■ The problem
Please copy each line of the listing below precisely, excluding the images.

==========

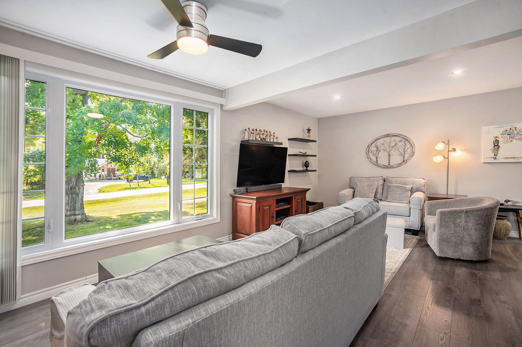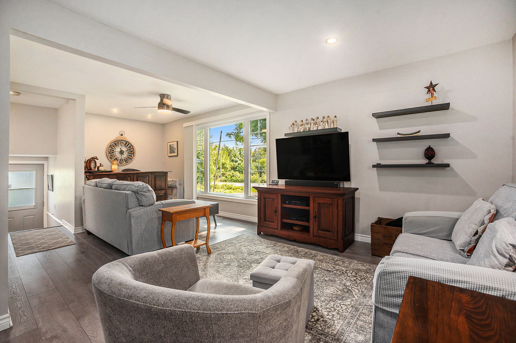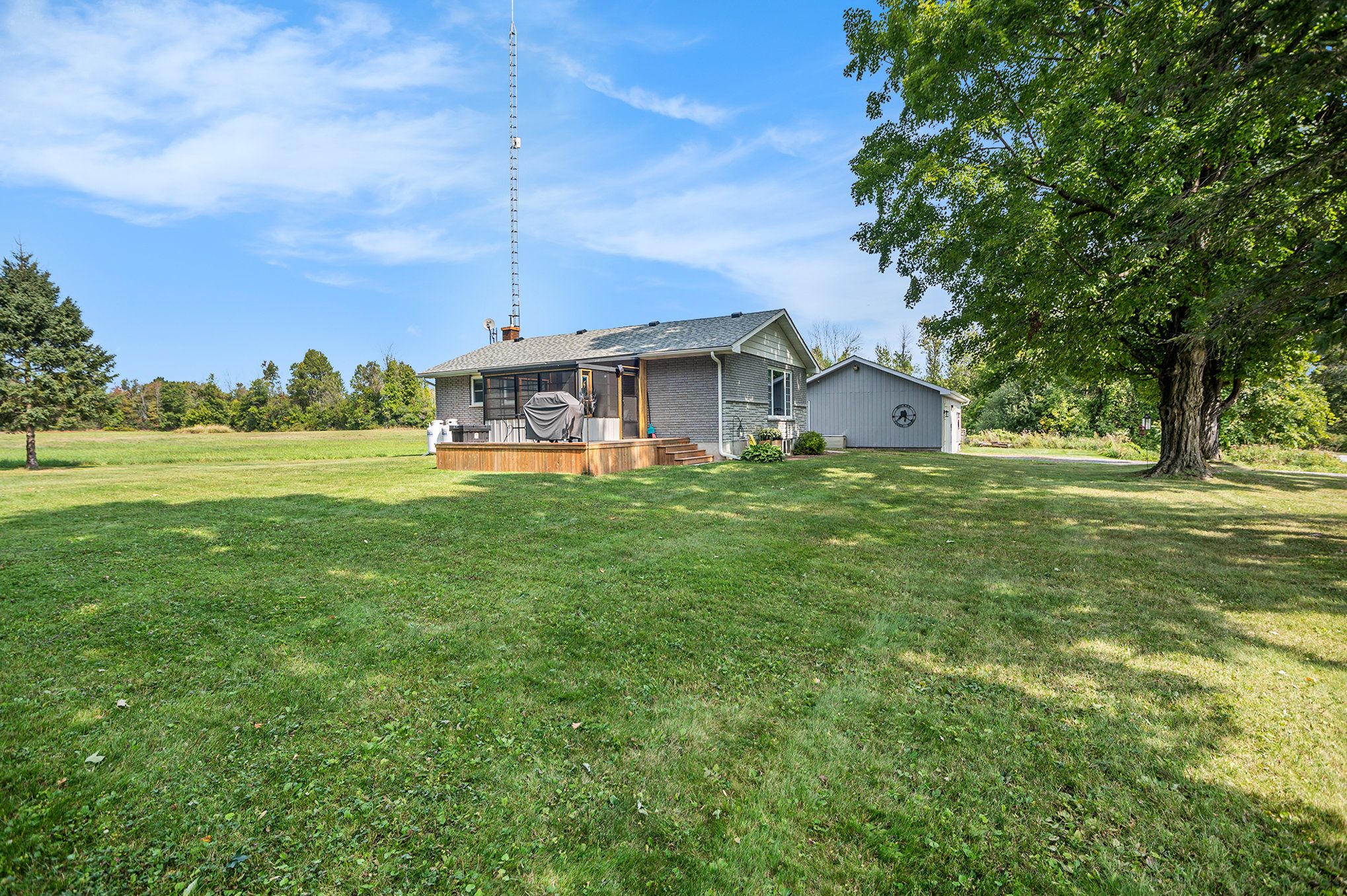 Welcome to your private oasis just minutes from perth! This beautifully upgraded bungalow is set on a picturesque 2. 5 acre lot (+/-) with no rear neighbours and stunning open field views. The main level features a fully renovated custom kitchen with quartz countertops and newer stainless steel appliances (2022), a beautifully updated bathroom, and two spacious bedrooms. A versatile third bedroom/office on the lower level offers flexible living space, with additional lower-level space ready to be transformed into a finished family room or extended living area. Enjoy seamless indoor-outdoor living with a new patio door leading to a bright enclosed sun porch (2025). The detached two-car garage is a standout feature-immaculate and functional, featuring oversized 8' x 9' doors (2023), ideal for larger vehicles, along with additional space for storage and workbench. Recent upgrades include new forced air furnace (2022), shingle roofing, eaves trough on house and garage (2024), updated appliances (2022), full kitchen renovation (2022) and bathroom renovations (2025), patio door and sun porch (2025), and interlock walkway (2025). The home is also equipped with a backup generator connected directly to the house for added peace of mind. A perfect blend of country charm, modern upgrades, and practical living-just minutes to all of perth's amenities.
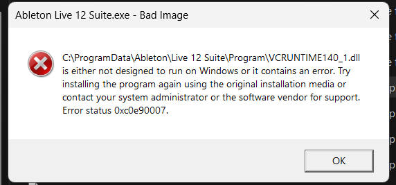 Ciao, dopo aver spostato il dll nella cartella ottengo questo errore quando provo ad aprire ableton. Ho provato a scaricare sia da Mirror 1 che dal 2, disinstallando ableton prima di usare l’installer fornito. Ho anche cliccato “unlock” nelle proprietà del dll. Sto usando Windows 11.
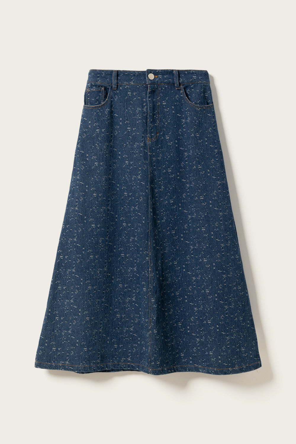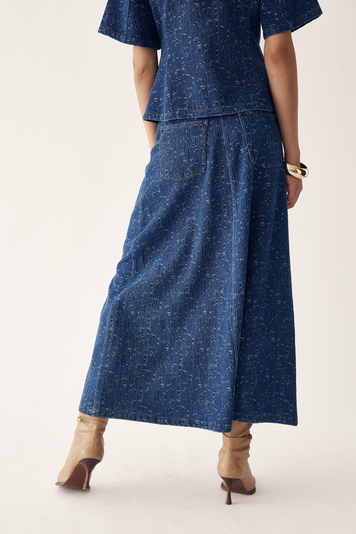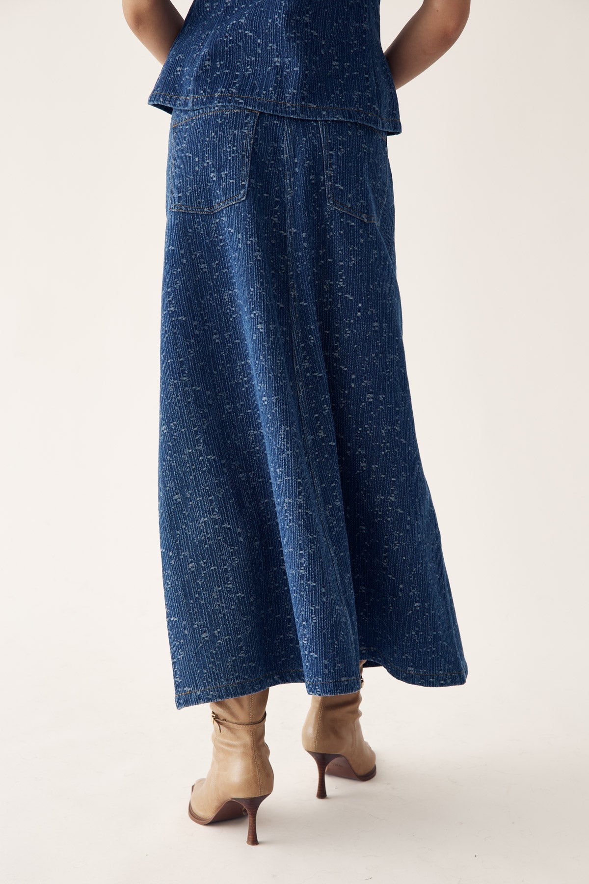Lyndall Skirt er en lang denimskjørt med lett A-form og klassisk design. Tidløst uttrykk som kan styles med både T-skjorte og skjorte.
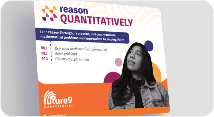 Future9 Framework Page 41 Page 43I can reason through, represent, and communicate mathematical problems and approaches to solving them. RQ.1 Represent mathematical information RQ.2 Solve problems RQ.3 Construct explanations 42
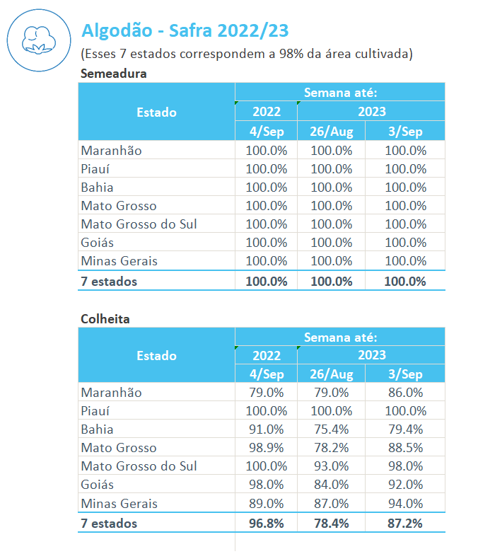 據(jù)巴西農(nóng)業(yè)部下屬的國家商品供應(yīng)公司CONAB,截至9月03日,巴西棉花收割率為87.2%,上周為78.4%,去年同期為96.8%。
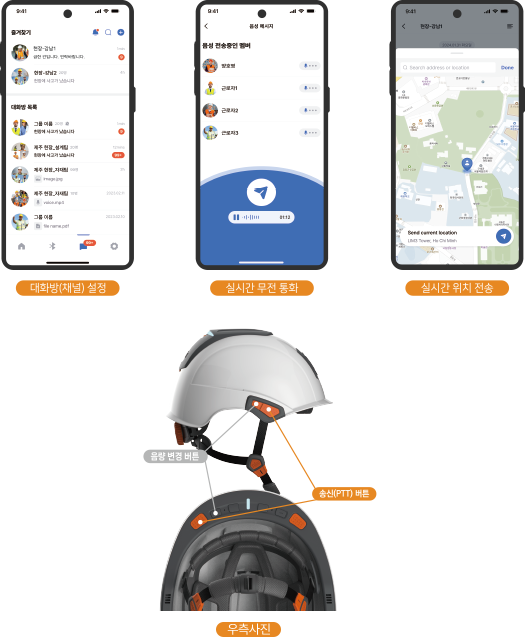 모바일 앱 에서 5개 즐겨 찾기 채널 설정 후 안전모 우측 스피커 아래의 버튼으로 채널 변경 및 무전 송신 가능

==========

■ Answer section
 Welcome to your private oasis just minutes from perth! This beautifully upgraded bungalow is set on a picturesque 2. 5 acre lot (+/-) with no rear neighbours and stunning open field views. The main level features a fully renovated custom kitchen with quartz countertops and newer stainless steel appliances (2022), a beautifully updated bathroom, and two spacious bedrooms. A versatile third bedroom/office on the lower level offers flexible living space, with additional lower-level space ready to be transformed into a finished family room or extended living area. Enjoy seamless indoor-outdoor living with a new patio door leading to a bright enclosed sun porch (2025). The detached two-car garage is a standout feature-immaculate and functional, featuring oversized 8' x 9' doors (2023), ideal for larger vehicles, along with additional space for storage and workbench. Recent upgrades include new forced air furnace (2022), shingle roofing, eaves trough on house and garage (2024), updated appliances (2022), full kitchen renovation (2022) and bathroom renovations (2025), patio door and sun porch (2025), and interlock walkway (2025). The home is also equipped with a backup generator connected directly to the house for added peace of mind. A perfect blend of country charm, modern upgrades, and practical living-just minutes to all of perth's amenities.
 Ciao, dopo aver spostato il dll nella cartella ottengo questo errore quando provo ad aprire ableton. Ho provato a scaricare sia da Mirror 1 che dal 2, disinstallando ableton prima di usare l’installer fornito. Ho anche cliccato “unlock” nelle proprietà del dll. Sto usando Windows 11.
Lyndall Skirt er en lang denimskjørt med lett A-form og klassisk design. Tidløst uttrykk som kan styles med både T-skjorte og skjorte.
 Future9 Framework Page 41 Page 43I can reason through, represent, and communicate mathematical problems and approaches to solving them. RQ.1 Represent mathematical information RQ.2 Solve problems RQ.3 Construct explanations 42
 據(jù)巴西農(nóng)業(yè)部下屬的國家商品供應(yīng)公司CONAB,截至9月03日,巴西棉花收割率為87.2%,上周為78.4%,去年同期為96.8%。
 모바일 앱 에서 5개 즐겨 찾기 채널 설정 후 안전모 우측 스피커 아래의 버튼으로 채널 변경 및 무전 송신 가능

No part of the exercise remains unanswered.